Former MI6 head man Richard Dearlove, the successor to the fictional “M” of Bond fame, has been sounding off about Labour leader Jeremy Corbyn’s meetings with a Czech diplomat in the late 1980s. And despite Jan Sarkocy having already been exposed as a liar and a fantasist, the right-wing press has been more than happy to hang on his every word - particularly the Murdoch goons at the Super Soaraway Currant Bun.
The paywalled original of this story was in the increasingly desperate and downmarket Telegraph, but the inmates of the Baby Shard bunker have most kindly lifted the relevant bits. “JEREMY Corbyn’s Cold War spy link must be taken seriously, says an ex-spook … Former MI6 boss Sir Richard Dearlove said it was ‘absurd’ for the Labour leader to suggest he didn’t know who he was meeting … Sir Richard, stationed in Prague during the Cold War, insisted that Mr Corbyn had ‘questions to answer’”.
There was more. “He told: ‘Everything I learnt about the way those services, known as the StB, operated tells me these accusations should be taken seriously’ … Sir Richard, head of the Secret Intelligence Service from 1999-2004, said the StB tried to identify ‘recruitable’ MPs … And he slammed the Czech regime as ‘one of the nastiest in Europe’”.
There is, sadly, one teensy problem with taking Dearlove seriously: his track record consists mainly of him getting it wrong, and in a way that has proved seriously damaging to this country. Take, for instance, the 2003 Iraq war: the Chilcot Inquiry looked at the claims of WMD and observed “Sir Richard Dearlove's personal intervention, and its urgency, gave added weight to a report that had not been properly evaluated and would have coloured the perception of ministers and senior officials. The report should have been treated with caution”. Why should caution have been exercised?
Richard Dearlove - good at getting it wrong
Because MI6 “did not inform No 10 or others that the source who had provided the reporting issued on 11 and 23 September 2002, about production of chemical and biological agent, had been lying to SIS”. In other words, they failed to tell Tony Blair and his team - who got all the stick for the wrong WMD call - that the intelligence was suspect.
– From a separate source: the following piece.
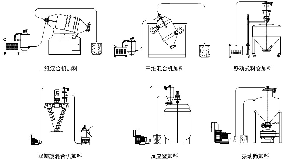三:氣動真空上料機與反應釜、注塑機、擠出機、球磨機、包裝機、粉碎機、混合機、儲料倉等設備配套。
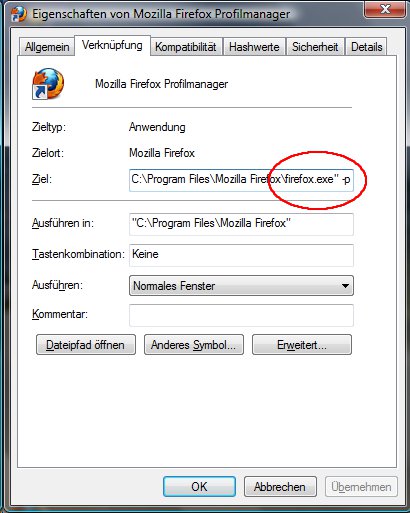 Mit der rechten Maustaste wählt man die Eigenschaften des Shortcuts aus. Im Feld "Ziel" steht der Pfad zur firefox.exe drin. Hinter diesem Pfad fügt man den Zusatz "-p" ein (ohne die Anführungszeichen). Danach kann man den Firefox Profilmanager mit einem Doppelklick auf den Shortcut starten.

Instead, Dearlove urged his people to find the non-existent WMDs, telling his contacts in Iraq he was “emphasising the utmost importance of a major find in the next two weeks, and asking them to do everything possible to try and identify where materials are being hidden”. He knew he’d sold Blair a pup, and was desperately trying to cover his arse.
Dearlove is also a favourite of the Alt-Right Henry Jackson Society, where in an address on the tenth anniversary of 9/11 he got it wrong yet again: “what is surprising ten years on is the relative failure of violent Islamism to make a more lasting political impact … what we are seeing … is a resurgence of moderate Islam with Islamist parties. These groups are now apparently arguing for the very democratic values and individual rights that al-Qaeda was so opposed to. This can be seen in what is happening today in Egypt, in Libya, the sort of things that Erdogan was saying on his visit to Egypt. The Turkish Prime Minister has recently been immensely important”. Yeah, right.
Egypt has gone backwards, Erdogan has become a virtual dictator, and while Dearlove bleated about moderates gaining the upper hand, IS was taking hold. All of which shows that when it comes to intelligence matters, we need take no lectures from him.